J. K. Rowling a déclenché une nouvelle polémique en visant publiquement Emma Watson, quelques jours après que l’actrice ait réaffirmé son soutien aux personnes trans. L’autrice d’Harry Potter accuse l’actrice d’être « ignorante de la vie réelle », relançant la controverse autour de ses prises de position hostiles à la reconnaissance des personnes trans.
Emma Watson pensait avoir trouvé le ton juste pour parler de J. K. Rowling. Invitée fin septembre dans le podcast On Purpose, l’actrice a expliqué qu’elle pouvait « être en désaccord avec J. K. Rowling » tout en « continuant à chérir l’œuvre et le monde qu’elle a créés ». Elle a surtout rappelé que « les personnes trans méritent de vivre sans peur et d’être traitées avec dignité ».
La réponse de la romancière n’a pas tardé sur X (ex-Twitter). « Comme d’autres personnes qui n’ont jamais connu la vie adulte sans être protégées par la richesse et la célébrité, Emma a si peu d’expérience de la vie réelle qu’elle ignore à quel point elle est ignorante », a écrit l’autrice. Dans un second message, elle juge « facile de prêcher gentillesse et acceptation quand on est multimillionnaire et éloigné des femmes dont les espaces et les droits sont érodés ».
Ces propos s’inscrivent dans un tournant engagé depuis 2020. Après un tweet ironisant sur l’expression inclusive « les personnes qui ont leurs règles », J.K Rowling a publié un long essai affirmant que l’auto-identification de genre mettrait en danger la sécurité des femmes. Elle s’est opposée au projet de loi écossais qui voulait simplifier le changement d’état civil et a soutenu la LGB Alliance, organisation accusée par les associations LGBTQI+ de diffuser des positions transphobes. Plusieurs chercheuses décrivent de quelle manière ces récits transforment la reconnaissance des droits trans en intention hostile dirigée contre les femmes. Comme le résume Susan Stryker, « cette théorie du complot selon laquelle l’“idéologie du genre” serait imposée par des personnes trans malveillantes pour nuire aux femmes et aux filles n’a aucun fondement dans la réalité, et pourtant l’existence de ce fantasme produit des effets matériels ».

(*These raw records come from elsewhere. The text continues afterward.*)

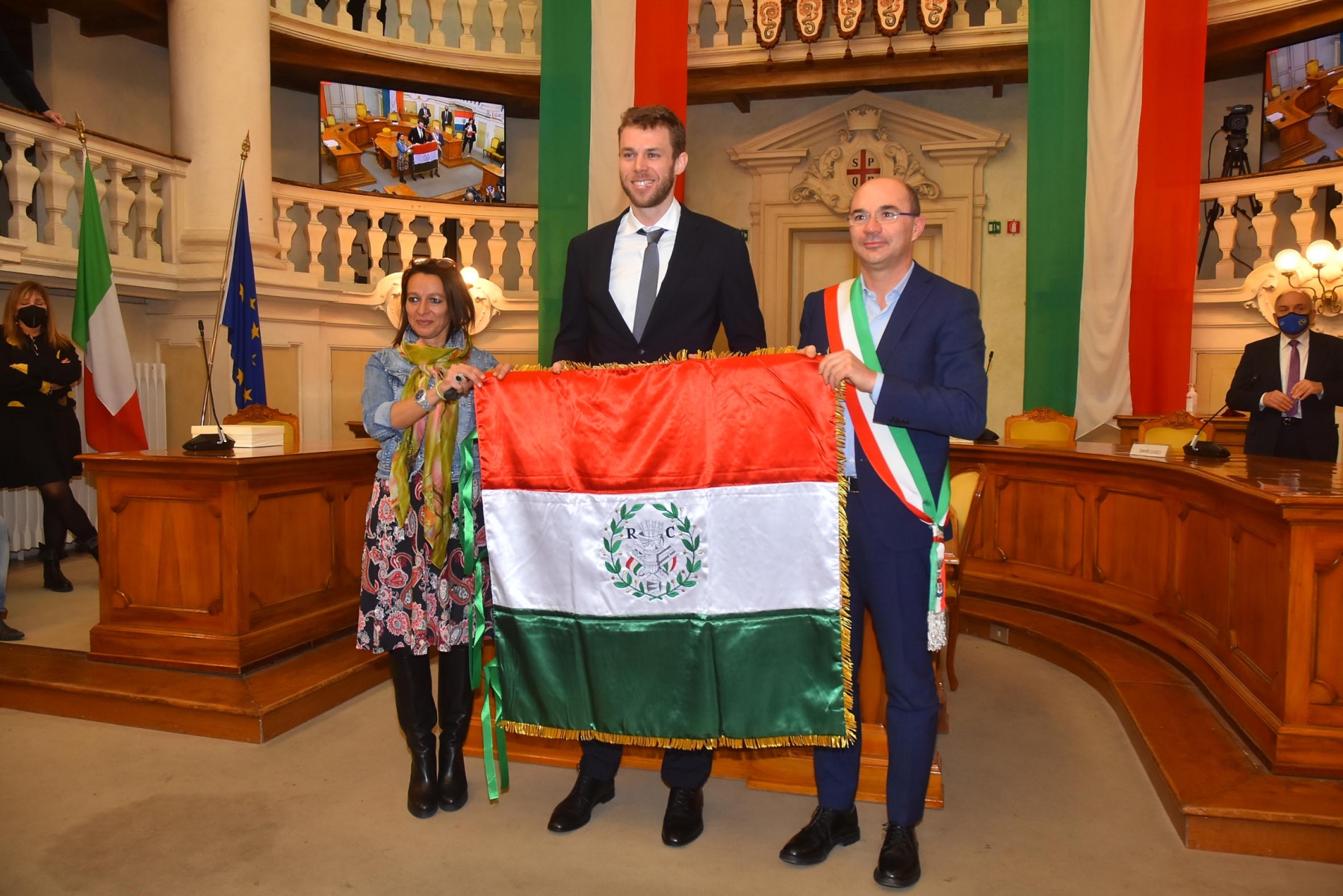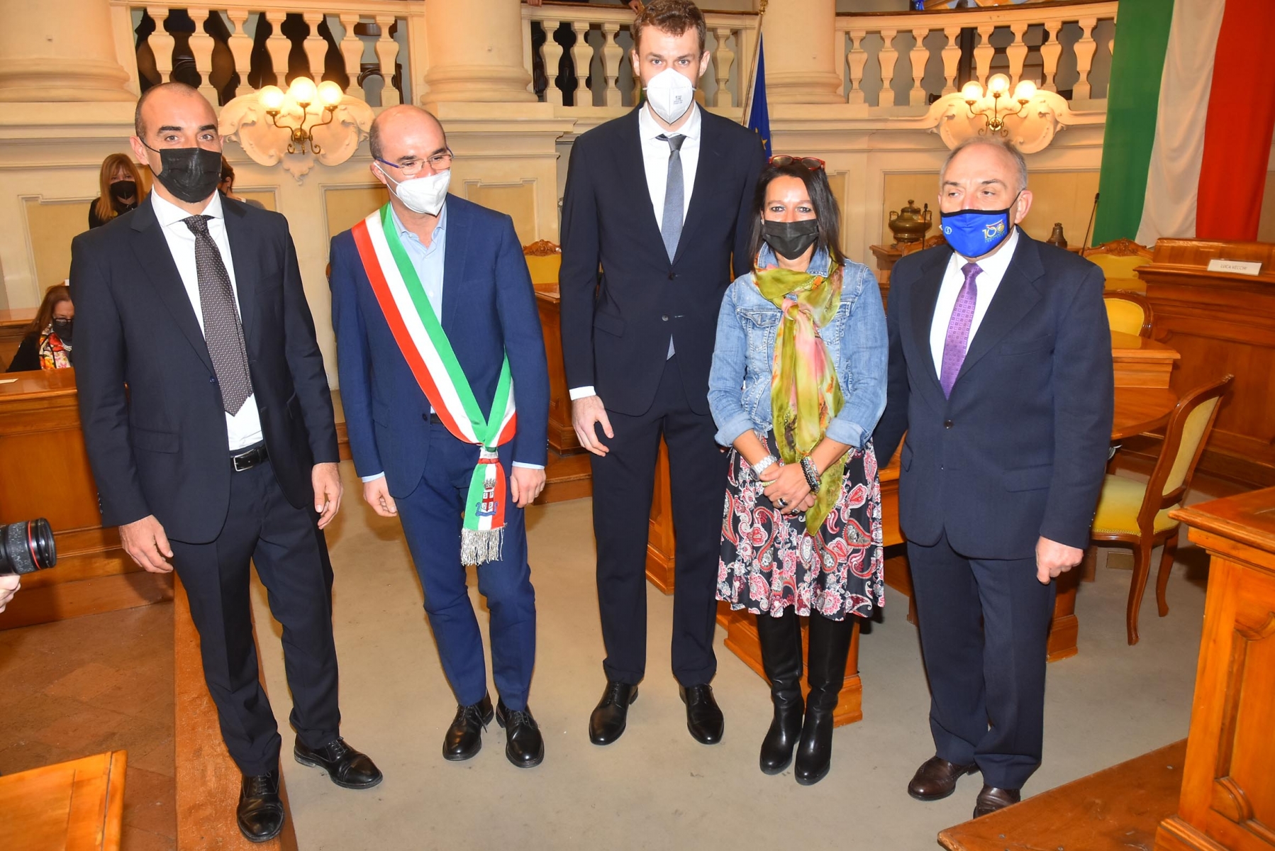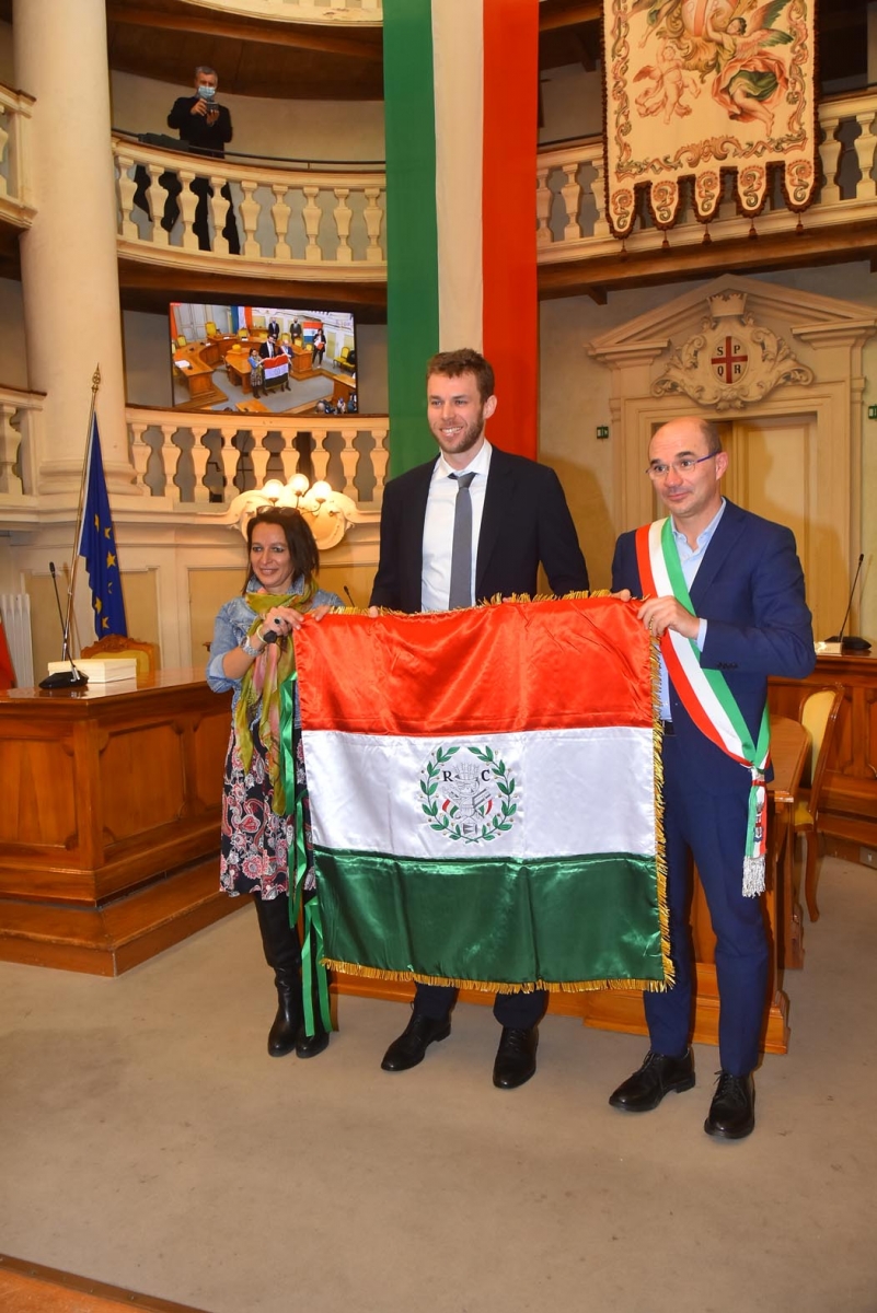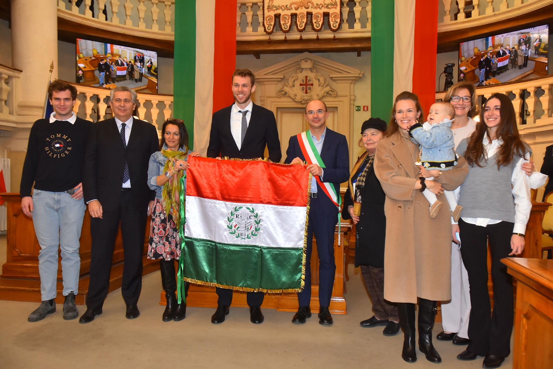 Primo Tricolore per Nicolò Melli, qui con la sua famiglia, il sindaco Vecchi e l’assessora Curioni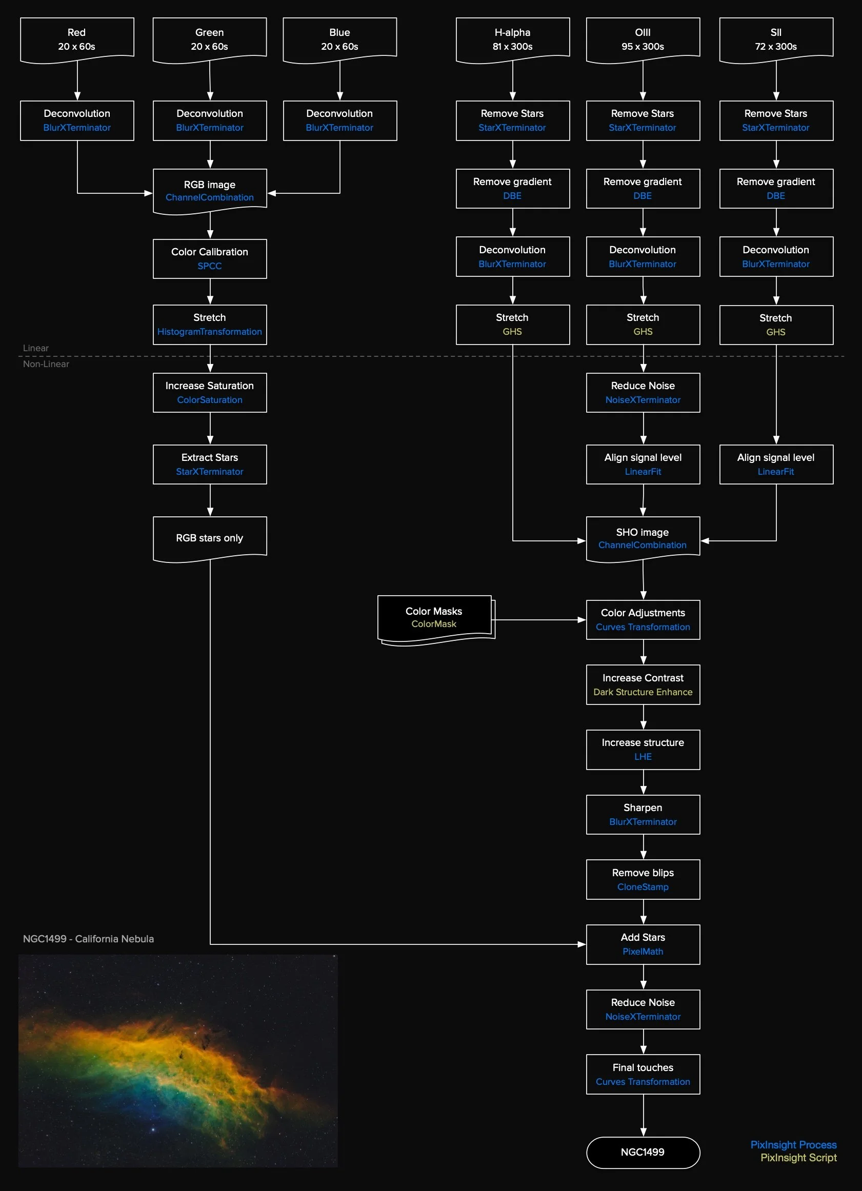 All frames were calibrated with Dark (50), Flat (25) and Flat-Dark (50) frames, registered and integrated using the WeightedBatchPreprocessing script. At the time of taking these images, some experiments were conducted around making Flat frames. As a consequence, Flats were taken with two different Flat panels, one of which did not allow brightness control. So for that panel exposure time was used to get to the target ADU values. Also, some early images were taken at the wrong gain values. Taken together, this resulted in a large variety in exposure times and gain settings, for which all (Flat-)Darks were taken. When putting all of this in WBPP, the complexity of what needed to be calibrated with what was enormous. Nevertheless, WBPP allowed to manage everything in one go. This is a testament for how flexible WBPP is these days. In earlier iterations, such a complex set of calibration combinations would have required multiple runs of the script, each focusing on different images. But now WBPP allows in an easy way very precise targeting of calibration frames to light frames. The early higher gain value narrow band images were combined with the gain 100 images without any problems.
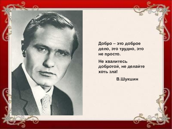 «Нравственность есть Правда. Не просто правда, а — Правда. Ибо это мужество, честность, это значит — жить народной радостью и болью, думать, как думает народ, потому что народ всегда знает Правду... Из всех сил буду стараться рассказать правду о людях», - так сам Шукшин определял свой творческий «метод».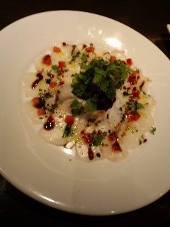 新メニューにタコのカルパッチョが登場しました。軟らかいタコに厳選されたオリーブオイル 塩 パルサミコ スッキリした白ワインと一緒にどうぞ!
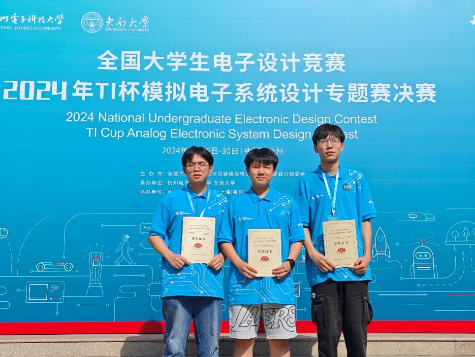 8月27-30日,2024年全国大学生电子设计竞赛模拟电子系统设计专题赛(TI杯)决赛在杭州电子科技大学举行,我校电子与信息工程学院的黄搏涵、邵志彬、余瑞组成的代表队努力拼搏,不负众望,喜获二等奖,实现了我校在专题赛中的重要突破。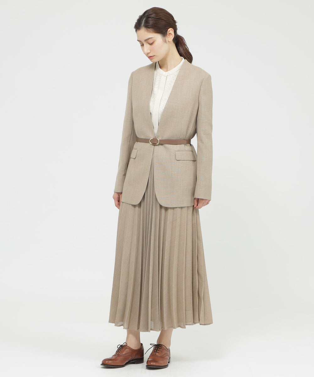リネンライクなスカートと合わせてセットアップのようなスタイリングもおすすめです。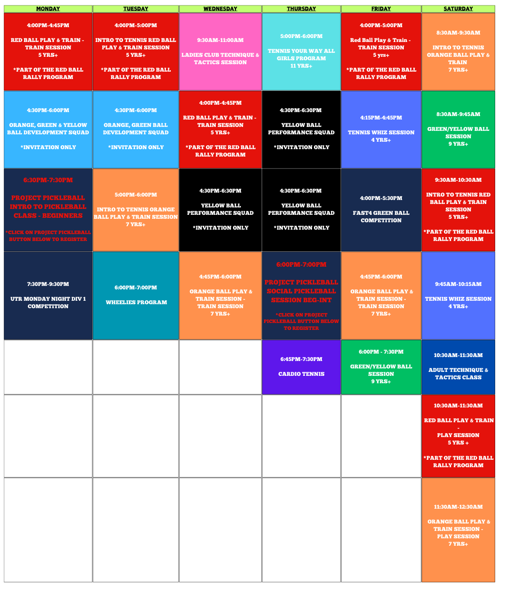 TEAM RSTA PROGRAM SCHEDULE@North Woden TC Proudly Supported by ENQUIRIES ENQUIRE ABOUT A FREE TRIAL COACHING & SCHOOL HOLIDAY PROGRAMS Junior Tennis Programs School Holiday Tennis Programs Adult Tennis Lessons UTR & Fast4 Tennis Competitions PICKLEBALL Project Pickleball Court Hire & Session Bookings BOOK A COURT @ NORTH WODEN TC Book A Tennis Court PAY AN INVOICE RSTA - ACT RSTA - NSW NWTC MEMBERSHIP North Woden Tennis Club Membership COACHING VENUES North Woden Tennis Club Bungendore Park Tennis Club Braidwood Tennis Club Terms and Conditions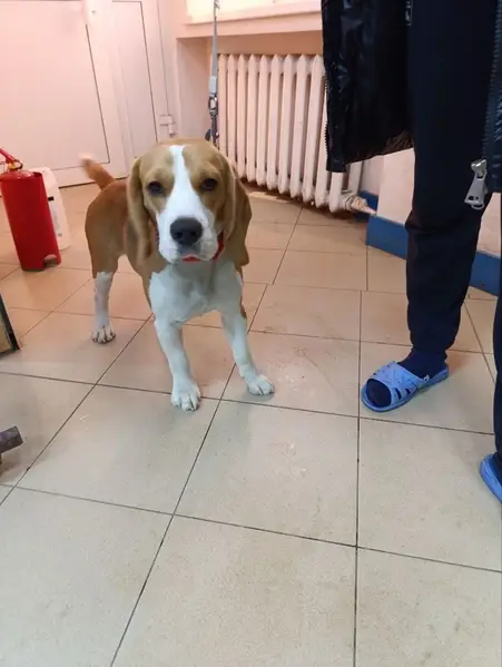 Триколор, осторожный, не кусается, оранжевый ошейник , на ошейнике номер телефона, был одет в серую помпону , клеймо и чип
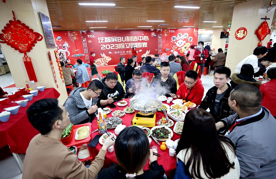 惠州TCL液晶產(chǎn)業(yè)園有5000多位員工,請(qǐng)留守員工代表吃年夜飯是園區(qū)2009年建成以來的“保留節(jié)目”。隨著疫情防控政策調(diào)整,消費(fèi)活力正快速?gòu)?fù)蘇,TCL王牌電器(惠州)有限公司今年一季度訂單量增大,園區(qū)今年有1500多位員工留守,春節(jié)期間1000多位員工將加班生產(chǎn)。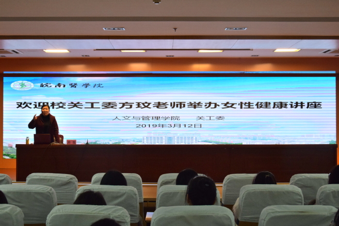 为更好的关爱女性健康,提高女老员工对个人健康安全的认识,3月12日晚六点三十分,太阳集团tyc151cc联合校关工委在图书馆三楼报告厅举办了女性健康讲座,校关工委老师方玟担任主讲人,太阳集团tyc151cc辅导员訾梦婷,2017、2018级全体女生现场聆听讲座。

Une peur démentie par les faits
L’argument central de J.K. Rowling consiste à présenter l’accès des femmes trans aux espaces réservés — vestiaires, refuges, prisons — comme une menace pour la sécurité des femmes cisgenres. Cette conviction irrigue ses prises de parole depuis 2020, notamment dans l’essai publié sur son site personnel et repris par The Guardian. Pourtant, les données contredisent ce scénario. Selon l’ONG britannique Stonewall, aucune hausse de violences n’a été constatée dans les refuges ou vestiaires accueillant des femmes trans. Les principales associations féministes du pays, telles que Women’s Aid et Refuge, rappellent qu’elles les accueillent depuis des années sans incident documenté.
Si ces constats contredisent les mises en garde de l’autrice d’Harry Potter, ils n’empêchent pas son discours de trouver un écho. L’adhésion à ce type d’arguments varie largement selon les générations.Selon le Special Eurobarometer 535 sur les discriminations dans l’UE (2023), les jeunes adultes sont beaucoup plus favorables aux droits des personnes trans que les générations plus âgées. La proportion de répondants estimant que les personnes trans doivent avoir les mêmes droits que tout le monde atteint 71 % chez les 15–24 ans, contre 56 % chez les 55 ans et plus. En France, l’étude Ipsos Global Advisor – LGBT+ Pride 2024 montre la même fracture : 68 % des 18–24 ans considèrent qu’une personne trans est du genre qu’elle revendique, contre 38 % des plus de 50 ans.